I agree completely. You clearly understand these issues extremely well. Cheers!
Agreed. Certification appears to be rarely denied on numerousity grounds.
This case is definitely being driven by class action plaintiff's counsel (or hopeful class action plaintiff's counsel).
Looking forward to reading more of your posts....
Absolutely. Nice explanation. And thanks for sharing your knowledge.
As of 10:00 pm on today's date, August 10, 2011, the court's online electronic filing system (Pacer) reflected a single purported class action lawsuit filed against JBI in the U.S. District Court for the District of Nevada. That lawsuit was brought by a plaintiff who attested to purchasing 1,000 shares of JBI on May 9, 2011. On the same date the action was filed (July 28, 2011), plaintiff's counsel published a notice informing potential class members of the opportunity to move the court to serve as lead plaintiff of the purported class.

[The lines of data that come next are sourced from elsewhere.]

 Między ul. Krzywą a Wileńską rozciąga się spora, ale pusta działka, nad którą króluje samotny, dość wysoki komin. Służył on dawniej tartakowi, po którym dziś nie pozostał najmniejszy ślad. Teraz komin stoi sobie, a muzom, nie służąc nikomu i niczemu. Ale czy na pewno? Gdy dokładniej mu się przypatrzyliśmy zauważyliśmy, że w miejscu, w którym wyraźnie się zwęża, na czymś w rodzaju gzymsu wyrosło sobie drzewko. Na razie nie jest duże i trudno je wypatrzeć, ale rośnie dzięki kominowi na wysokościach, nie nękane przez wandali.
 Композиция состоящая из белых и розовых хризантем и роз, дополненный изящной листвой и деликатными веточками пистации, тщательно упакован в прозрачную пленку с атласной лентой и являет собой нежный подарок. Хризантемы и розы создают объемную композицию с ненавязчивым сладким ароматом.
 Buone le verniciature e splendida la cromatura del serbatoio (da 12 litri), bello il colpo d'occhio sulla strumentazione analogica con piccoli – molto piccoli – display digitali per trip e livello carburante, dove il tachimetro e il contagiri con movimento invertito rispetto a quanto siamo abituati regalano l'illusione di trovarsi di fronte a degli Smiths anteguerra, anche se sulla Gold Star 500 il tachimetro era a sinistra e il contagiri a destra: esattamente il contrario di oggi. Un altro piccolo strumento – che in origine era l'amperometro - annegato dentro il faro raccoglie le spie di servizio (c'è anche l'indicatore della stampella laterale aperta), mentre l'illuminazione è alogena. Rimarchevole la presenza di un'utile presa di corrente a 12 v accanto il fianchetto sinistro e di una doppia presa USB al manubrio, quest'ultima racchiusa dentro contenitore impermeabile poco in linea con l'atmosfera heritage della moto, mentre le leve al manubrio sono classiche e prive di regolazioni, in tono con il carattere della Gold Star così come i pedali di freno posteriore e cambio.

As a result of the above, other class action firms (understandably) have been searching for a more appropriate lead plaintiff, who has a more substantial financial interest in the litigation. The desire to do so is largely self-evident, as the appointed lead plaintiff in a certified class action becomes the decision-maker of the class, and the one who holds primary responsibility for choosing (yup, you guessed it) lead counsel (subject to court approval). For this reason, it should come as no surprise to see additional class action plaintiffs' firms soliciting potential plaintiffs in an effort to jump in the action.
As of the time and date referenced at the start of this post, no other prospective lead plaintiffs have moved for appointment as lead counsel. This lawsuit is, of course, in its infancy, so only time will tell if another investor steps up to the plate. That "opportunity" will eventually close, however, and the court will assess the plaintiff(s) that have filed appropriate motions within the requisite time.
This is my personal assessment of the matter, so I invite any contrary opinions or constructive criticism.
Exceptional post. Thank you for taking the time to detail this information, and nice job of explaining both the legal and procedural/practical considerations. Cheers.